Anhui's agricultural authorities estimated that the province's cotton output decreased 17 percent this year and that cotton quality is lower than in 2012, mainly due to the heavy rains.
China has 13 major cotton-planting provinces and autonomous regions, and nearly half of them were hit by adverse weather conditions this year.
Lu said that cheaper Indian cotton prices and shrinking cotton farmland are another two important factors behind the country's lower cotton output.
The Chinese government introduced a floor for cotton prices in 2011 to ensure that cotton farmers get a fair income. Domestic cotton prices are now between 18,000 and 18,500 yuan ($2,950 to $3,032) a ton, while Indian cotton is priced between 17,200 and 17,600 yuan a ton in the Chinese market after customs clearance, according to the Beijing-based China National Cotton Exchange, the country's biggest cotton trading platform.
Lu said that China's textile mills are buying cheaper Indian cotton to reduce their raw material costs and tackle the rising costs of labor, energy prices and logistics services.
And many Chinese textile companies in Zhejiang, Shandong and Jiangsu provinces have also started to order cotton yarn from India.
Companies save on customs fees when they buy Indian cotton yarn compared with raw cotton, because no tariffs are charged for imported cotton yarn. Meanwhile, Chinese textile companies have to pay a 13 percent value added tax if they buy raw cotton from domestic producers.

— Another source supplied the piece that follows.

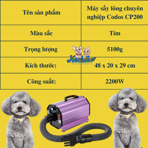 TÊN SẢN PHẨM: Máy sấy lông cho Chó Mèo chuyên dụng CODOS CP200
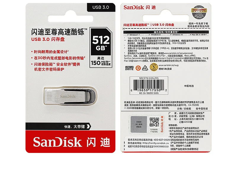 Unidad flash SanDisk USB 3.0 CZ73 Unidad de bolígrafo de hasta 150 Mb/s 16 GB 32 GB 64 GB Unidad de alta calidad 128 GB 256 GB 512 GB USB Una memoria de disco U para computadora portátil computadora de escritorio

Since January, most of the raw material used by China's textile mills came from the country's reserves and from cotton imports. Supply from the reserves reached 3.72 million tons from January to the end of July, while the amount of imported cotton bought by textile mills hit 3.37 million tons from January to October. India and the United States are the biggest exporters to the Chinese market.
Due to increased competition after 2010, the income of Chinese cotton farmers has decreased and many of them started planting rice and wheat, which brings them higher government subsidies than cotton.
Lu said that about 4.2 million mu (280,000 hectares) of China's cotton farmland has been turned into grain or vegetable farmland this year. The country's total cotton-planting area now stands at 66 million mu.
Ding Lixin, a researcher at the Chinese Academy of Agricultural Sciences in Beijing, said it's too early to assess whether China's cotton output will see a significant drop as the nation's cotton policies are based on the import quota and the government reserves
"To prevent uncertainty in the market, China will use its abundant cotton reserves to meet market demand if the country's cotton-planting regions report a certain level of output losses," Ding said. "Cotton prices surely won't become a big concern for Chinese garment and textile factory owners."
With 9.6 million tons of cotton reserves, which represent half of global stocks, China began to sell cotton from its reserves on Nov 28 and will start auctions that will run until August 2014.
The country's cotton reserves are expected to increase to 11.4 million tons in 2014, up by almost 2 million tons from the stockpile earlier this year. The country will hold nearly 60 percent of the world's stocks then, according to a report by the US-based International Cotton Advisory Committee.